— Есть, — я согласилась покладисто, покосилась на большущий букет роз, который от «Князева, романтика ушибленного» был, но спрашивать про цветочки не рискнула. — Мы в сентябре сдавали. И я тебе говорила!
— Не пыжься, у меня склероз, забыла, — она, дотягиваясь и щёлкая по носу, улыбнулась по редкому светло и тепло, отставила кружку, чтобы встать и шаль, передернув плечами, снять. — Господи, когда же закончится эта зима… Пошли учиться, поможешь Зое в приемнике. Там анализы как раз должны быть готовы.

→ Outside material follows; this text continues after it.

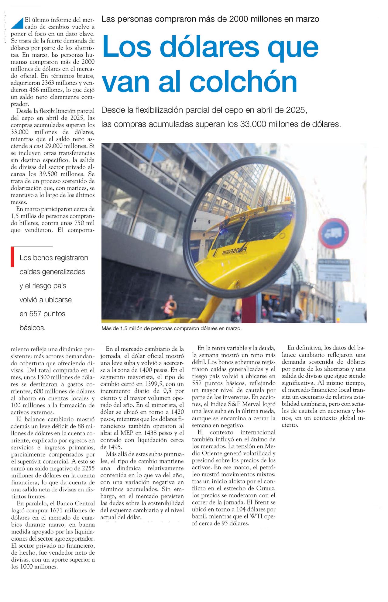 Los dólares que van al colchón El último informe del mercado de cambios vuelve a poner el foco en un dato clave. Se trata de la fuerte demanda de dólares por parte de los ahorristas. En marzo, las personas humanas compraron más de 2000 millones de dólares en el mercado oficial. En términos brutos, adquirieron 2363 millones y vendieron 466 millones, lo que dejó un saldo neto claramente comprador. Desde la flexibilización parcial del cepo en abril de 2025, las compras acumuladas superan los 33.000 millones de dólares, mientras que el saldo neto asciende a casi 29.000 millones. Se incluyen otras transferencias sin destino específico, la salida de divisas del sector privado alcanza los 39.500 millones. Se trata de un proceso sostenido de dolarización que, con matices, se mantuvo a lo largo de los últimos meses. En marzo participaron cerca de 1,5 millones de personas comprando billetes, contra unas 750 mil que vendieron. El comportamiento refleja una dinámica persistente: más actores demandando cobertura que ofreciendo divisas. Del total comprado en ese mes, unos 1300 millones de dólares se destinaron a gastos corrientes, 600 millones de dólares al ahorro en cuentas locales y 100 millones a la formación de activos externos. El balance cambiario mostró además un leve déficit de 88 millones de dólares en la cuenta corriente, explicado por egresos en servicios e ingresos primarios, parcialmente compensados por el superávit comercial. A esto se sumó un saldo negativo de 2255 millones de dólares en la cuenta financiera, lo que da cuenta de una salida neta de divisas en distintos frentes. En paralelo, el Banco Central logró comprar 1671 millones de dólares en el mercado de cambios durante marzo, en buena medida apoyado por las liquidaciones del sector agroexportador. El sector privado no financiero, de hecho, fue vendedor neto de divisas, con un aporte superior a los 1000 millones. Los bonos registraron caídas generalizadas y el riesgo país volvió a ubicarse en 557 puntos básicos. En el mercado cambiario de la jornada, el dólar oficial mostró una leve suba y volvió a acercarse a la zona de 1400 pesos. En el segmento mayorista, el tipo de cambio cerró en 1399,5, con un incremento diario de 0,5 por ciento y el mayor volumen operado del año. En el minorista, el dólar se ubicó en torno a 1420 pesos, mientras que los dólares financieros también operaron al alza: el MEP en 1438 pesos y el contado con liquidación cerca de 1495. Más allá de estas subas puntuales, el tipo de cambio mantiene una dinámica relativamente contenida en lo que va del año, con una variación negativa en términos acumulados. Sin embargo, en el mercado persiste las dudas sobre la sostenibilidad del esquema cambiario y el nivel actual del dólar. En la renta variable y la deuda, la semana mostró un tono más débil. Los bonos soberanos registraron caídas generalizadas y el riesgo país volvió a ubicarse en 557 puntos básicos, reflejando un mayor nivel de cautela por parte de los inversores. En acciones, el índice S&P Merval logró una leve suba en la última rueda, aunque se encamina a cerrar la semana en negativo. El contexto internacional también influyó en el ánimo de los mercados. La tensión en Medio Oriente generó volatilidad y presionó sobre los precios de los activos. En ese marco, el petróleo mostró movimientos mixtos: tras un inicio alcista por el conflicto en el estrecho de Ormuz, los precios se moderaron con el correr de la jornada. El Brent se ubicó en torno a 104 dólares por barril, mientras que el WTI operó cerca de 93 dólares. En definitiva, los datos del balance cambiario reflejaron una demanda sostenida de dólares por parte de los ahorristas y una salida de divisas que sigue siendo significativa. Al mismo tiempo, el mercado financiero local transita un escenario de relativa estabilidad cambiaria, pero con señales de cautela en acciones y bonos, en un contexto global incierto. Menciones: Ceco1 cfinanE

Дядьку привезли…
А через восемь часов, когда завьюжило-закружило снег под жёлтыми фонарями, в хирургию привезли два огнестрельных с большой кровопотерей.
— Ой, Женечка…
Марта Петровна, работающая санитаркой больше трех десятков лет и знающая нас обеих с детства, а потому имеющая право без посторонних звать Женьку так, привалилась к дверному проему сестринской, в которой кофе мы пили.
Говорили и о работе, и об учебе.
Обо всём.
— Марта Петровна, вы чего?
— Так к хирургам, говорят, милицейских притащили, перестреляли их при задержании! Там у корпуса и приемника три машины ихних стоит. И мальчика-то ранили, который за тобой всё тут ходил ухаживал.
— Князев? — Женька, продолжая качать ногой, переспросила ещё весело и беспечно.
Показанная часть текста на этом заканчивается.